Exercise objective
Everything from the line containing "Een houten poort" through the line containing "在赵叶凡主任领誓下,全体高二" in the listing below should be copied exactly, and nothing more.

Data under study START

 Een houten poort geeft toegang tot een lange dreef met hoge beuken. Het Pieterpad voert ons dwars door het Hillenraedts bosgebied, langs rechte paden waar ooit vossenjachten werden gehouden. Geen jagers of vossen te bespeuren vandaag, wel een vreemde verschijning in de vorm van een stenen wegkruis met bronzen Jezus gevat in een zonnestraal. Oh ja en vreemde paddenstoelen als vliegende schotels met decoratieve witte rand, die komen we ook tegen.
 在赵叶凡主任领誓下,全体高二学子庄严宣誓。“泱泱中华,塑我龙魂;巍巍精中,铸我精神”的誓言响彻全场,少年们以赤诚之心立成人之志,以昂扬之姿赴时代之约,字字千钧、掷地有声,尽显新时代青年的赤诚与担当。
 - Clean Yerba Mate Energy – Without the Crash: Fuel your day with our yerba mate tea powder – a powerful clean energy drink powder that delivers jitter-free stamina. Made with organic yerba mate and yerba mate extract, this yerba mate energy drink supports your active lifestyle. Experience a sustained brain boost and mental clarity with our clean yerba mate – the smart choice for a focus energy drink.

Data under study END
Data under study START

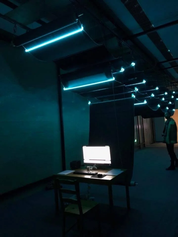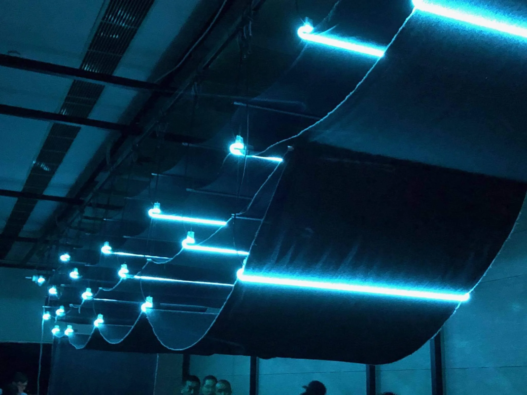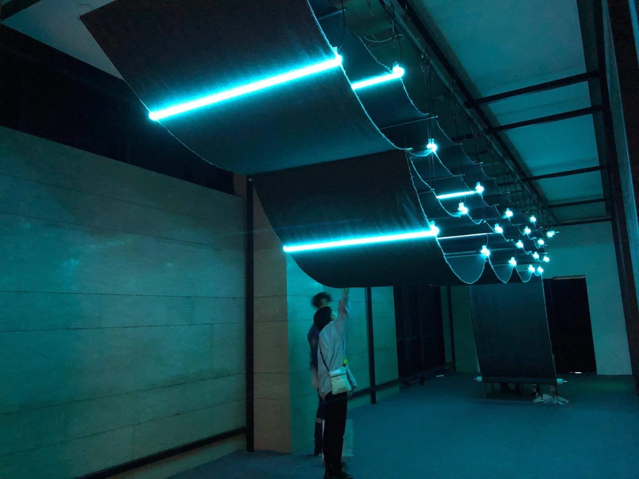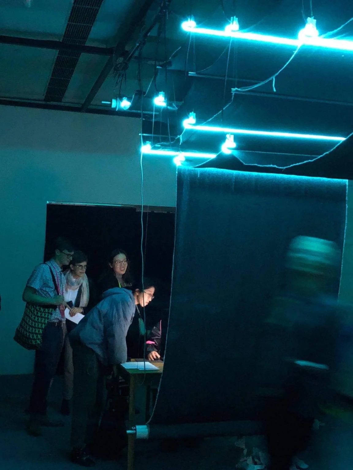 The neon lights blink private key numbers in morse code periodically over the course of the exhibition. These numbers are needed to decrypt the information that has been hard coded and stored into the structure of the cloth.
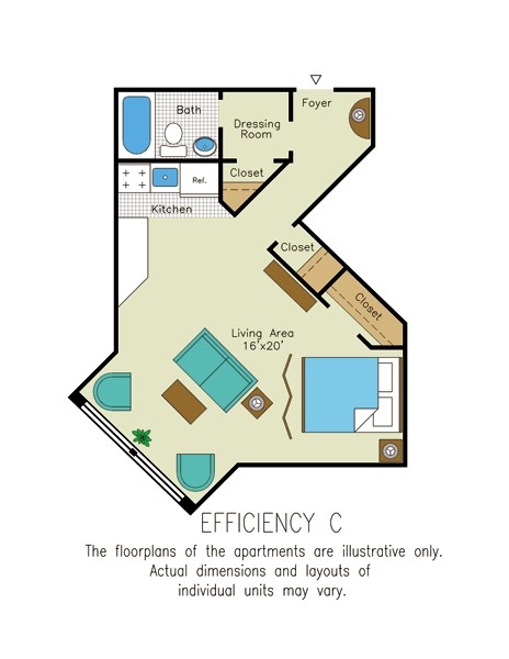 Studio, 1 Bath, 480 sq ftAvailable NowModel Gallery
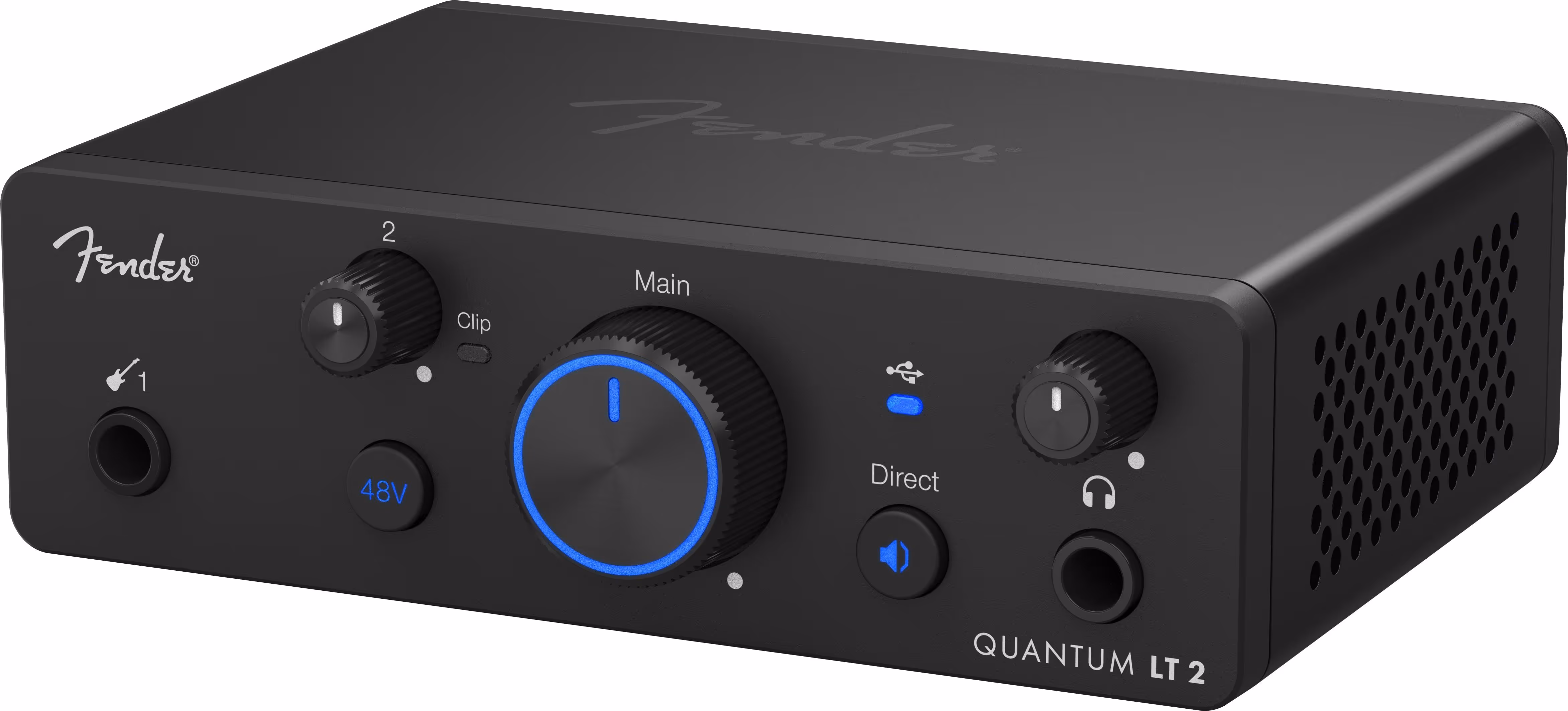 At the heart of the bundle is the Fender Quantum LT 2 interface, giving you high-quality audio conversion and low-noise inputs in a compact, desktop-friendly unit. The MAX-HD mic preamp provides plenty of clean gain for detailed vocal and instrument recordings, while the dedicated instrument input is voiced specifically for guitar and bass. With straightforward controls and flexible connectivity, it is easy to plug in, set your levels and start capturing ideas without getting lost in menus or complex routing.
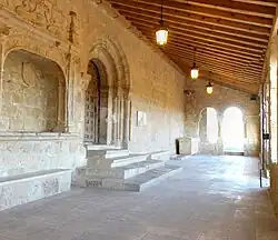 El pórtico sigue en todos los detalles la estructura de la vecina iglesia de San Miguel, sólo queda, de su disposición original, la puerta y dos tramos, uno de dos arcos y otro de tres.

Data under study END
Data under study START

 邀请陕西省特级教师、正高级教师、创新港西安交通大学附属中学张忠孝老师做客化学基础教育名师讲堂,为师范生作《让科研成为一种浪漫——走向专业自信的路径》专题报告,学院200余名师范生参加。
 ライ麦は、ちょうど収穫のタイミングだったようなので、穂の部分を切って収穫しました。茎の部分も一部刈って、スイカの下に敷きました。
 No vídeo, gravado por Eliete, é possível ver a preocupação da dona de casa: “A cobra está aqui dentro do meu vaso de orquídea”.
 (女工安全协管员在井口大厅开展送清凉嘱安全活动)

Data under study END

Exercise result
 Een houten poort geeft toegang tot een lange dreef met hoge beuken. Het Pieterpad voert ons dwars door het Hillenraedts bosgebied, langs rechte paden waar ooit vossenjachten werden gehouden. Geen jagers of vossen te bespeuren vandaag, wel een vreemde verschijning in de vorm van een stenen wegkruis met bronzen Jezus gevat in een zonnestraal. Oh ja en vreemde paddenstoelen als vliegende schotels met decoratieve witte rand, die komen we ook tegen.
 在赵叶凡主任领誓下,全体高二学子庄严宣誓。“泱泱中华,塑我龙魂;巍巍精中,铸我精神”的誓言响彻全场,少年们以赤诚之心立成人之志,以昂扬之姿赴时代之约,字字千钧、掷地有声,尽显新时代青年的赤诚与担当。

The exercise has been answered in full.